Justin dans la douleur
Justin Rose fait d’ailleurs partie de ces joueurs, qui organisent leur calendrier de cette manière «internationale». Le jeune Anglais qui vient de remporter le Volvo Masters à Valderrama et du même coup l’Ordre du Mérite 2007 s’est contenté de 12 tournois «européens» pour décrocher son premier sacre et devancer Ernie Els et Padraig Harrington au classement des gains. Cela signifie simplement qu’il a été très performant dans les tournois majeurs. On remarque en effet qu’il a passé les quatre cuts et qu’il n’a pas terminé au-delà de la 12ème place dans les épreuves du Grand Chelem. Il a en plus récolté deux secondes places dans des tournois lucratifs et finalement la victoire dans le Tour Championship européen, à Valderrama, où il devait non seulement terminer dans les deux premiers pour s’imposer à l’Ordre du Mérite, mais aussi devancer Padraig Harrington avec lequel il était pour ainsi dire à égalité avant l’épreuve espagnole.
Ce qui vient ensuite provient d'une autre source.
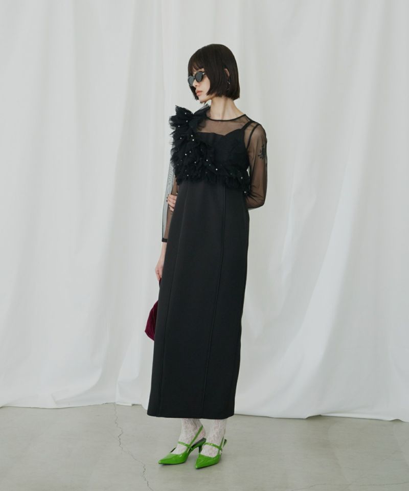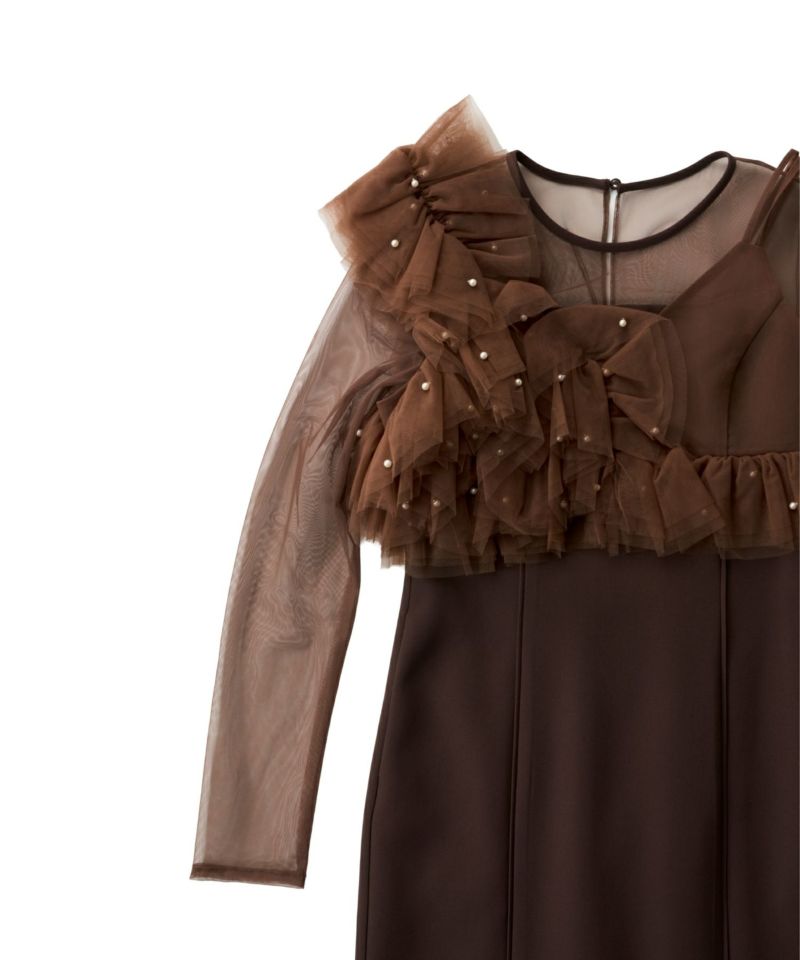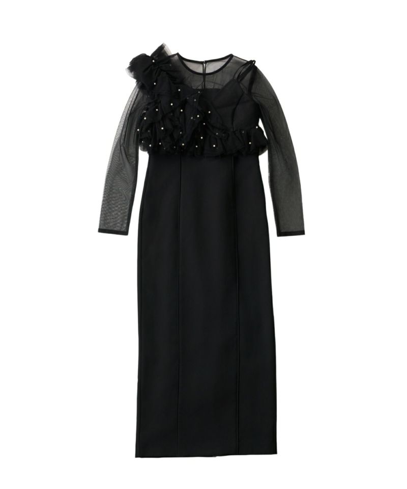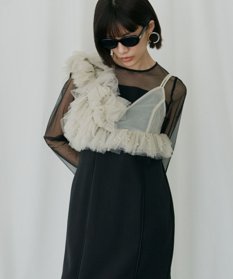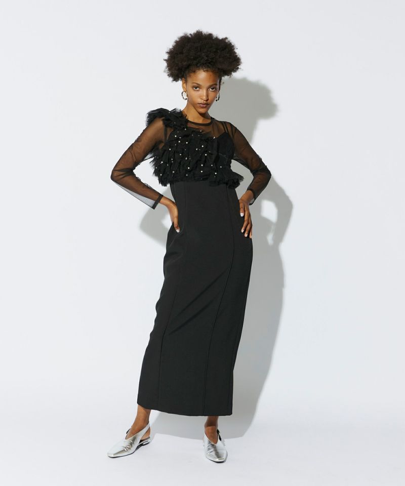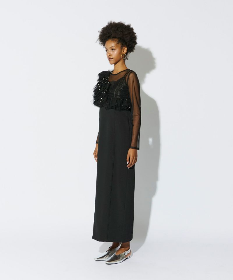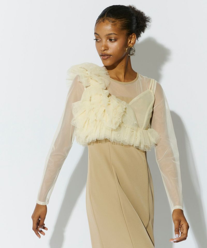 ビスチェにはランダムに散りばめたパールが目を惹くチュール生地を採用。
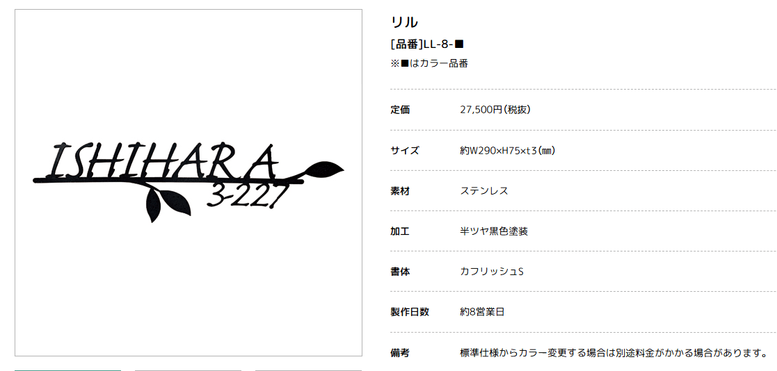 ・製作工程上、文字を変形、太くする、つなぎを入れる場合があります。

Vainqueur d’un playoff improbable, il a terminé la saison avec panache en s’imposant à deux joueurs peu charismatiques (Simon Dyson et Sören Kjeldsen), mais en montrant néanmoins une nouvelle fois une certaine fébrilité lors du dernier tour. Le dénouement de la saison 2007 a donc été plein de suspense, avec un jeune vainqueur sympathique, au swing magnifique et au potentiel énorme. D’ailleurs, Justin Rose profite de ce bonus de sympathie depuis 1998, lorsqu’à 18 ans, encore amateur, il avait terminé 4ème du British Open en rentrant un pitch sur le 18 du Royal Birkdale. Sa victoire à l’Ordre du Mérite rappelle une incongruité du golf européen: avec Peter Oosterhuis, Lee Westwood et Nick Faldo, il n’est que le quatrième Anglais à remporter ce classement! Alors que l’Angleterre représente à peu près la moitié du marché du golf européen… Après son exploit au British Open 1998, Justin était passé professionnel et avait connu une vraie galère en manquant un nombre de cuts impressionnants. Mais deux victoires en 2002 l’avaient propulsé à un rang que son talent méritait. Aujourd’hui, il occupe le 7ème rang du classement mondial, sans aucun Européen devant lui! Ne lui manque plus qu’un titre majeur – et pourquoi pas à Augusta, où le parcours semble parfaitement convenir à son jeu? Il est juste dommage que l’US Masters ne se déroule qu’en avril!